入社1年目は研修等も多く、すべてが学びの機会となるので適度な緊張感もあり、周囲からのフォローも手厚いので充実感を得やすい状況です。しかし、2年目になると、周囲の期待が「もう2年目だしな」とぐっと高まることで「仕事で指摘される」「フォローされなくなる」「2年目だから出来て当たり前」といった状況や反応が増えてきます。
入社2年目は成長への分岐点
社会人2年目というのは、後輩ができて身が引き締まったり、モチベーションが上がったりする層もいれば、上記のような理由で悩む層もいるという時期です。まずこの時点で、「同期」のなかでも意識の差、成長の差が付き始めます。
また、入社2年目は、会社のこと、仕事のこと、周囲との人間関係など、1年目は考える余裕もなかったことが徐々に見えてきたり考えたりする余裕も出てきます。考えると「自分の仕事の能力は足りているのか」「他社の2年目と比べて自分はどうなのか」「今後のキャリアはどうなるのか」とさまざまな悩みも出てきます。

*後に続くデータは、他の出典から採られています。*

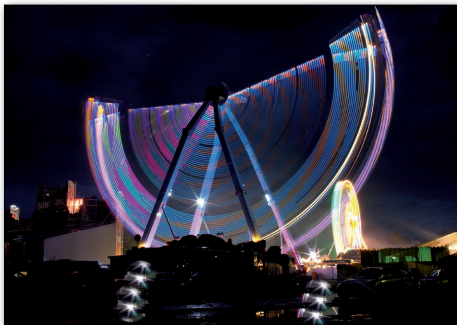
Stimmungen und Momente, die man gerne als Fotograf festhält.
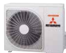
FDC 71 VNP-W
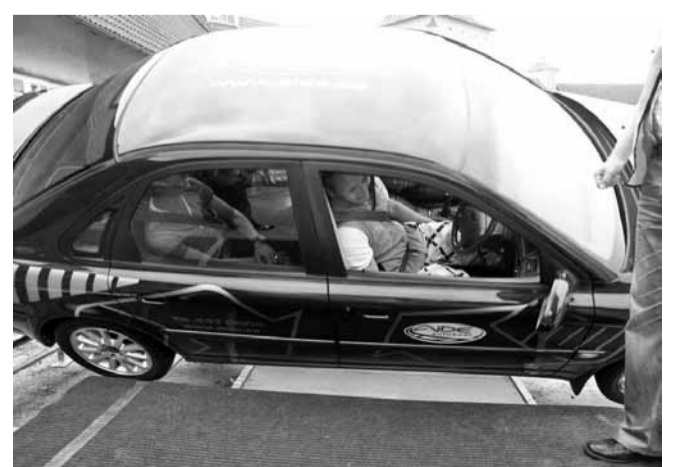
Ümberpööratav auto simuleerib liiklusõnnetust.
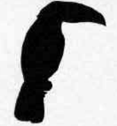
Toucan à bec rouge Ramphastos tucanus

前述した「入社前の想像とのギャップ」や「2年目になってケアされなくなった」「周囲からの期待値が高まった」等による悩みやモチベーションダウンも同様です。これらの悩みをうまく解消して成長に迎える層と、その場で立ち止まってしまい悩み続ける層でも、成長に大きな差がついてきます。
日本のビジネス社会では、「入社3年で一人前になる」という風潮が強いですが、3年で一人前になれるかどうかは、じつは2年目にかかっているのです。伸びている層をさらに伸ばす、悩みを抱えている層をフォローして成長軌道に乗せる、両面において、2年目社員に対する企業側のフォローが重要です。